The COP Grievance Hearing Panel recommended that, as a result of the violation of Standard Nos. 2, 3, 4, and 7, Dr. Matza be officially suspended for a period of 1 year by the AAOS. The Hearing Panel did not find Dr. Matza in violation of Mandatory Standard Nos. 1, 5, or 6.
Dr. Matza did not appeal the COP Report and Recommendation and, on Sept. 24, 2016, the AAOS Board of Directors considered this matter. After due deliberation, the Board upheld the findings of the Hearing Panel and voted to suspend Richard A. Matza, MD, for 1 year due to unprofessional conduct in the performance of expert witness testimony.
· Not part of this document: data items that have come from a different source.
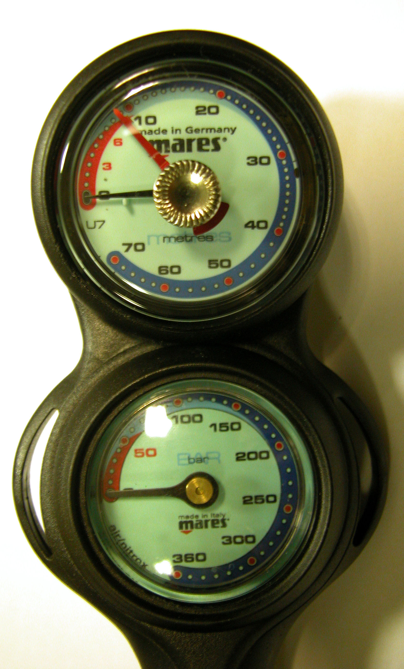 a depth gauge plus pressure gauge of Mares brand.
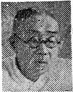 South Korean Vicepresident Lee See-young (1951.01)
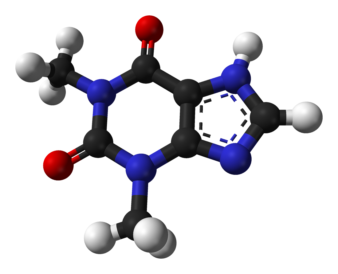 Ball-and-stick model of theophylline, generated in DS Visualizer 1.5
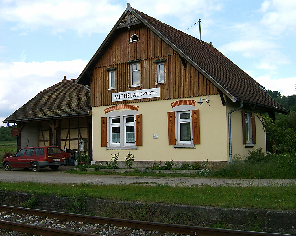 Railway station Michelau near Schorndorf, Baden-Württemberg, Germany
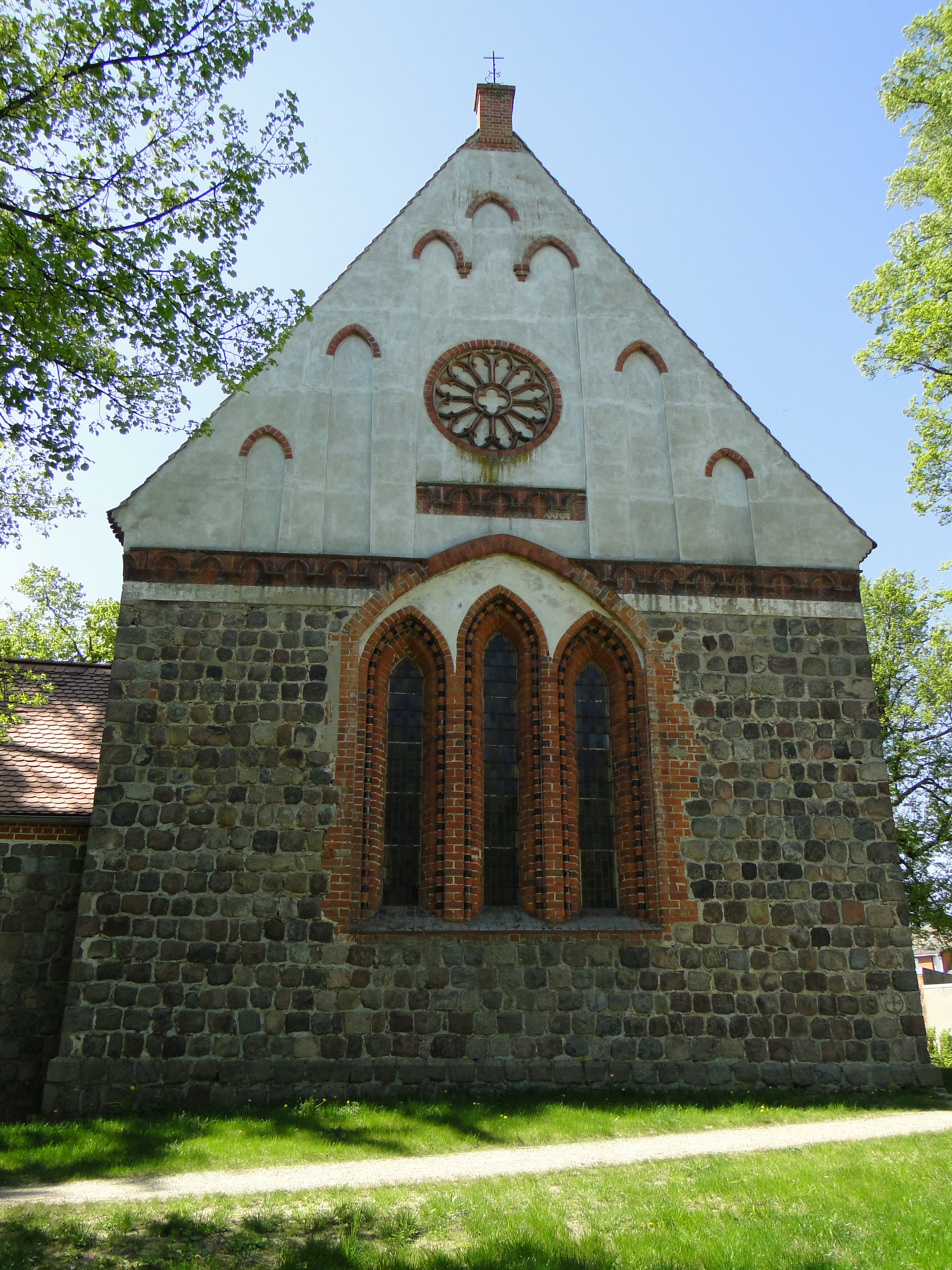 Church St. Petri in Woldegk, district Mecklenburg-Strelitz, Mecklenburg-Vorpommern, Germany

Additional actions not related to the AAOS SOP
At its meeting on Sept. 24, 2016, the AAOS Board of Directors considered the following licensure compliance matters not related to the AAOS SOPs and took the actions indicated.
Ascar Egtedar, MD
AAOS Fellowship Suspended
In November 2015, the Nevada Board of Medical Examiners issued an order of Summary Suspension and Notice of Hearing, which summarily suspended Dr. Egtedar's license to practice medicine. Following an investigation, the Medical Board determined that the health, safety, and welfare of the public was at imminent risk. The suspension remains in effect until further order of the Investigative Committee and Nevada Board of Medical Examiners.
The AAOS Board of Directors voted to suspend Dr. Egtedar's Fellowship in AAOS until he holds a full and unrestricted license to practice medicine.
David Lehrman, MD
North Miami Beach, Fla.
In December 2015, the State of Florida Board of Medicine entered an order in which Dr. Lehrman voluntarily relinquished his license to practice medicine. The order stemmed from the investigation of a complaint in which Dr. Lehrman was found to have given unauthorized individuals access to order medications in his name and use his DEA number. The individuals ordered approximately 64,700 units of oxycodone, 100 units of Lorcet, and 11,650 units of Endocet during a 7-month period from January to July 2010. In October 2010, his pain clinic surrendered less than 5,000 total units, with at least 72,000 units unaccounted for. The Administrative Complaint alleged that Dr. Lehrman was in violation of the following three counts: failure to register to dispense medications; practicing beyond the scope permitted by law; and improperly delegating others to dispense these substances on his behalf.
The AAOS Board of Directors voted to expel Dr. Lehrman.